• _Activity_:
All lines below starting at the one that holds "Jag aette ras" and ending at the one that holds "Antique Set of" should be printed exactly, ends included. Pictures should not be printed, nor anything else.

• _Source data_:
[Start of section]

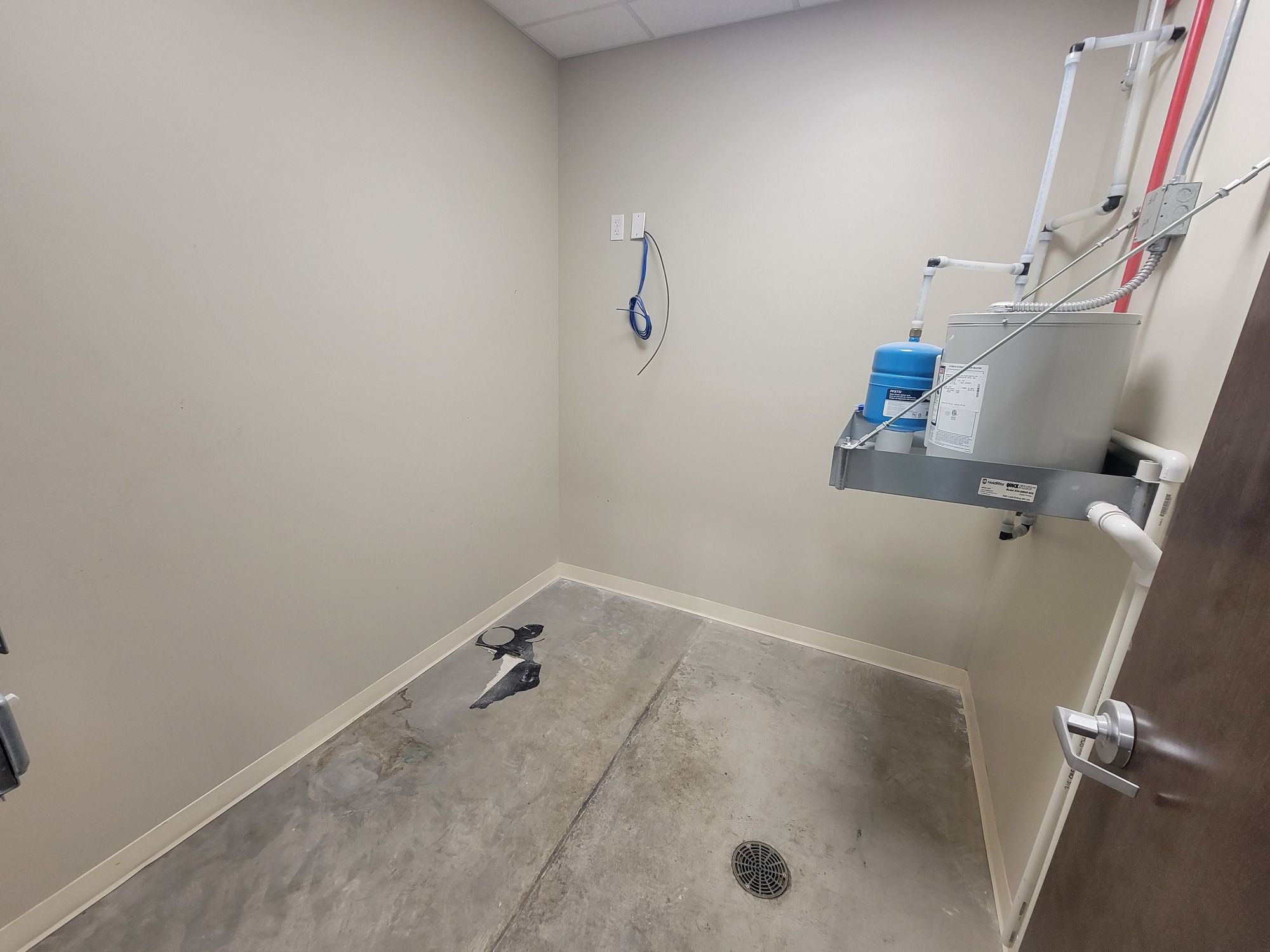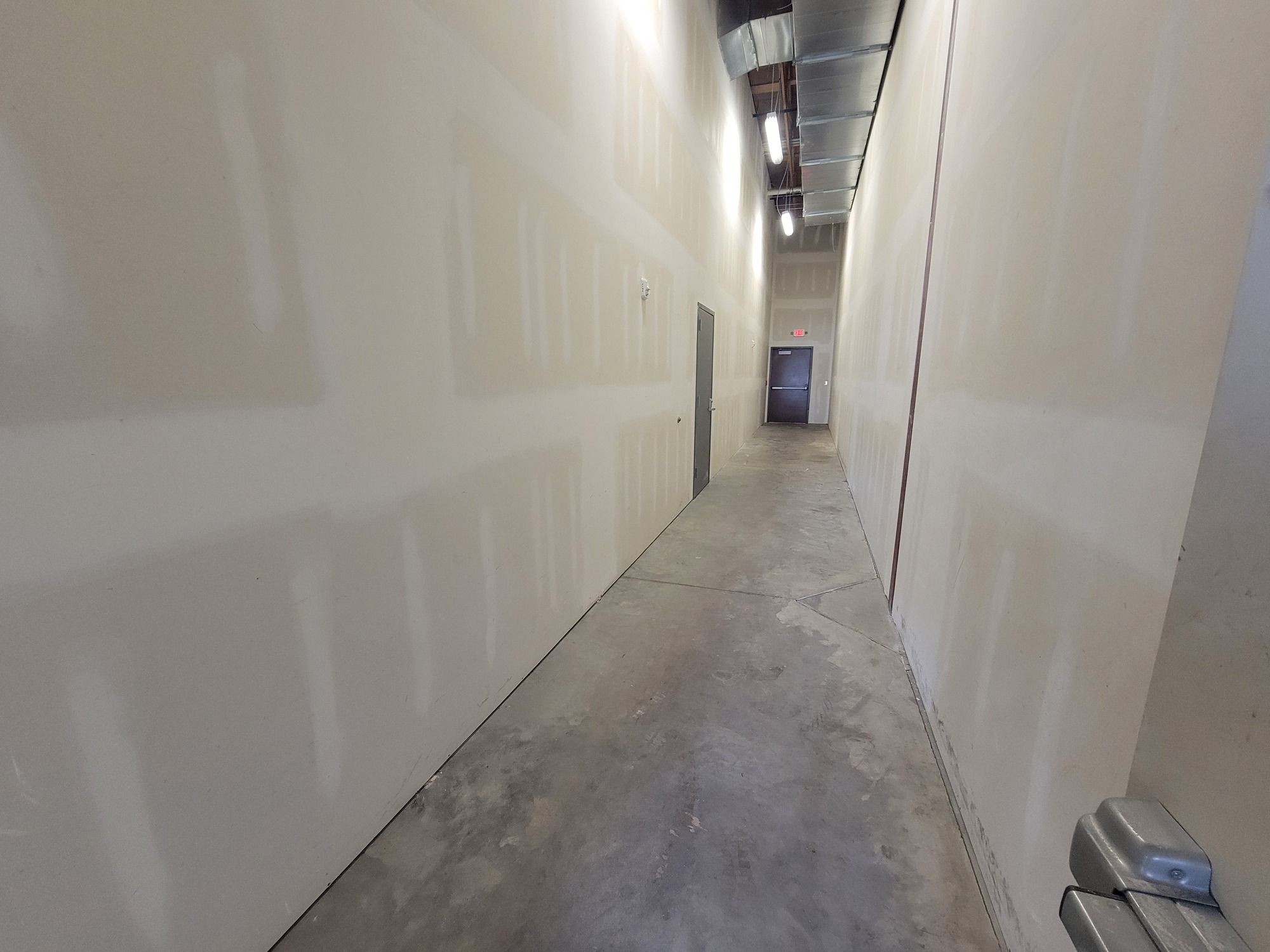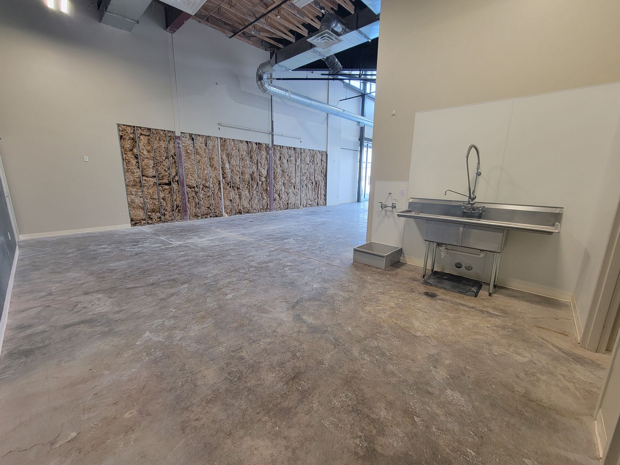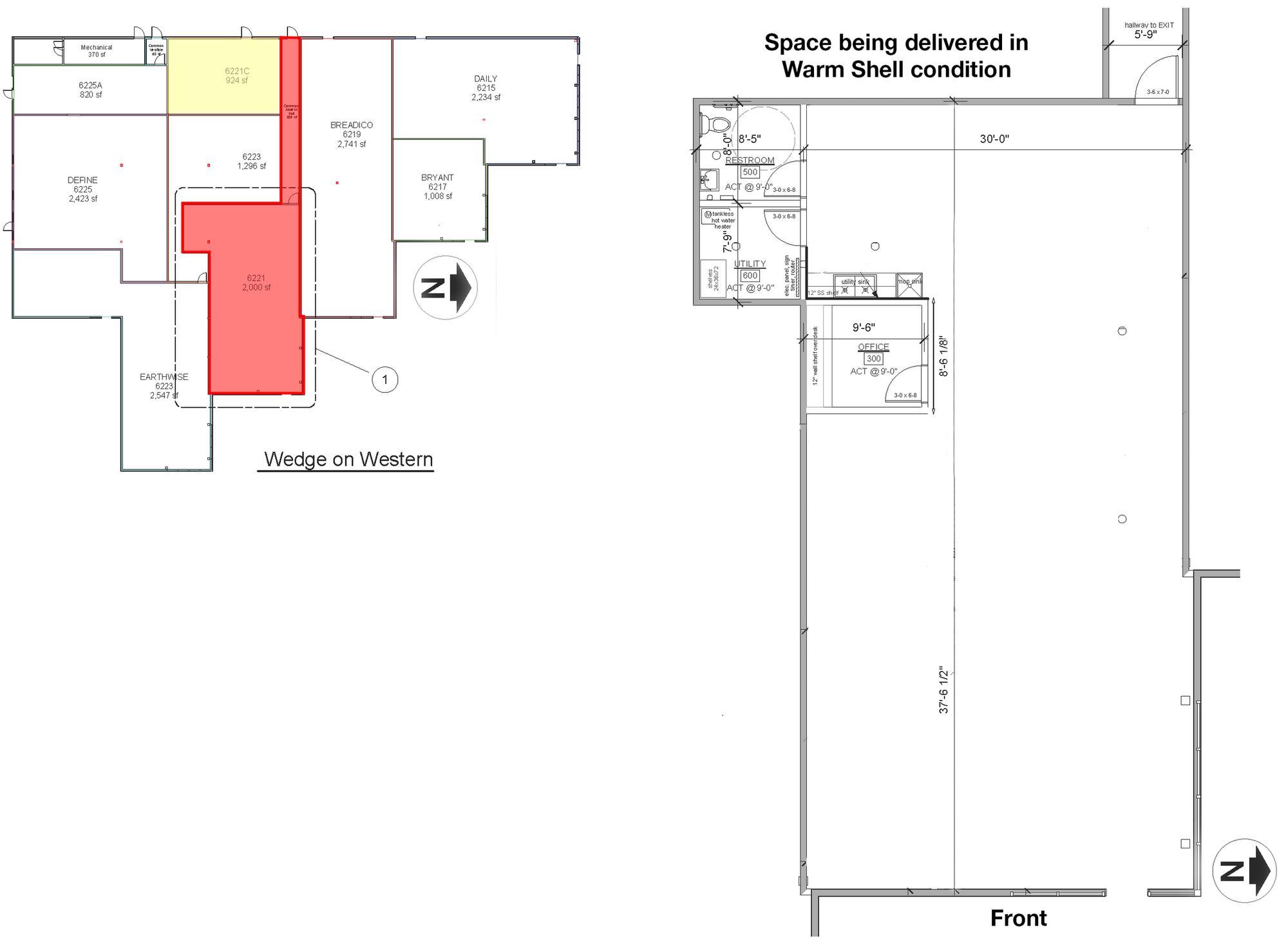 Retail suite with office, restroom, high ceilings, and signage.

[End of section]
[Start of section]

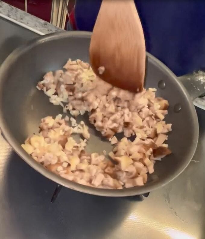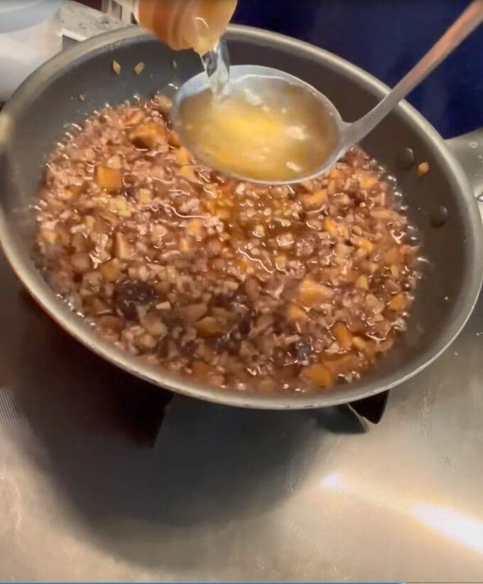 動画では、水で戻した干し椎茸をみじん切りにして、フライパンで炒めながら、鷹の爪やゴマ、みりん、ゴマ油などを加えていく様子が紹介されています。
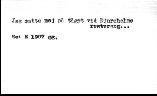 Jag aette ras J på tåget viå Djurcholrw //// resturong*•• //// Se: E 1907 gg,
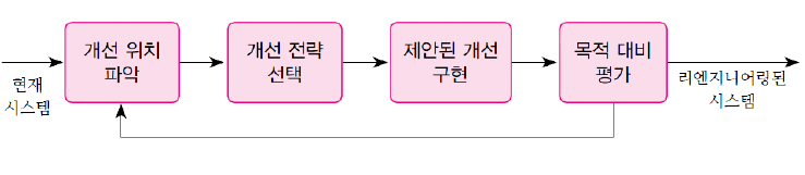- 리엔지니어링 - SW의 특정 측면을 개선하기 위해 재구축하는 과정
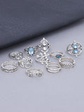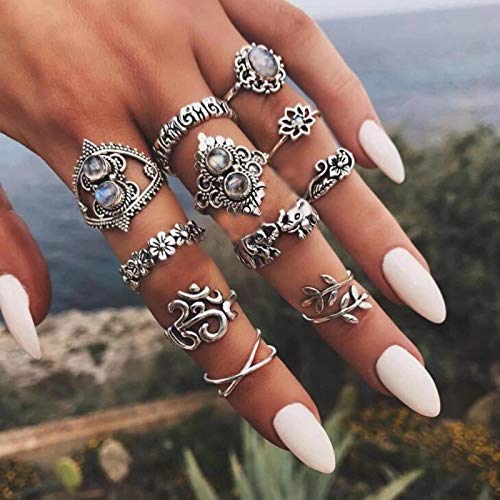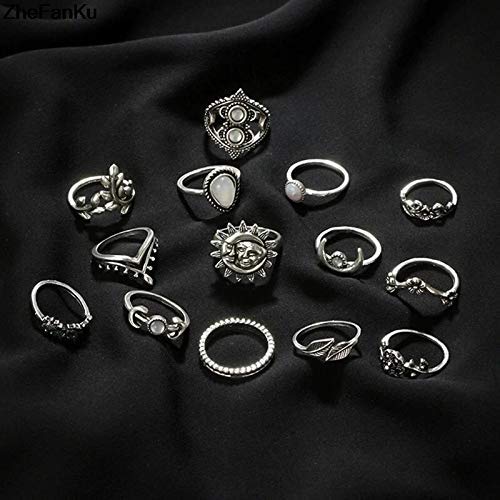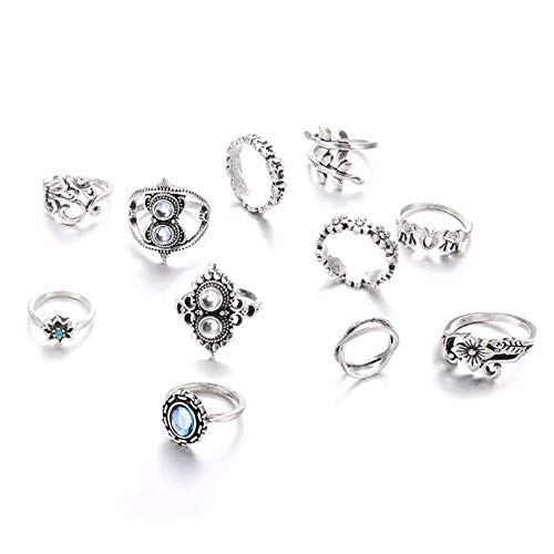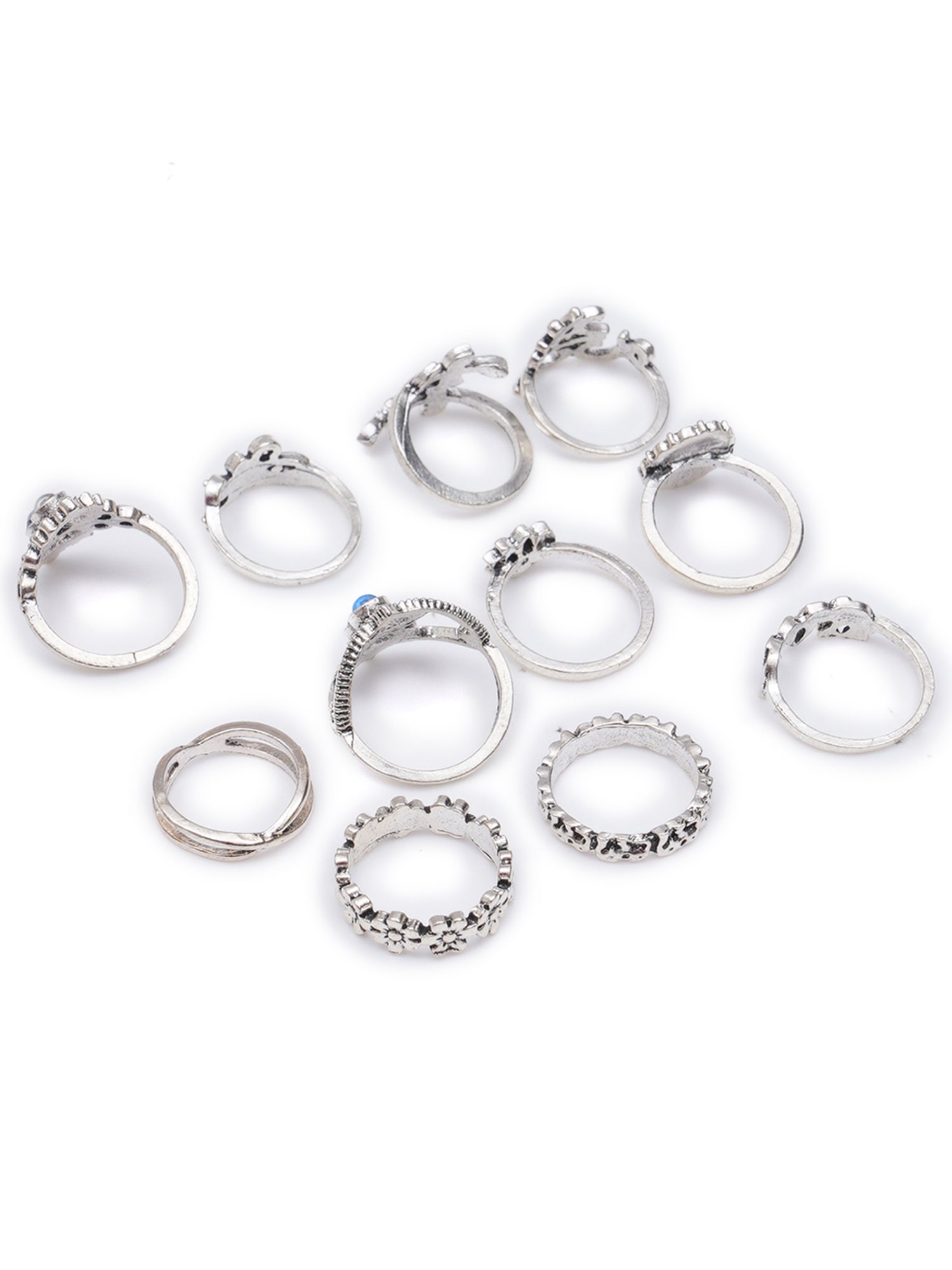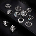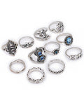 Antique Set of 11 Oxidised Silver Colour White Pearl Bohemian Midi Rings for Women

[End of section]

• _Answer section_:
 Jag aette ras J på tåget viå Djurcholrw //// resturong*•• //// Se: E 1907 gg,
- 리엔지니어링 - SW의 특정 측면을 개선하기 위해 재구축하는 과정
 Antique Set of 11 Oxidised Silver Colour White Pearl Bohemian Midi Rings for Women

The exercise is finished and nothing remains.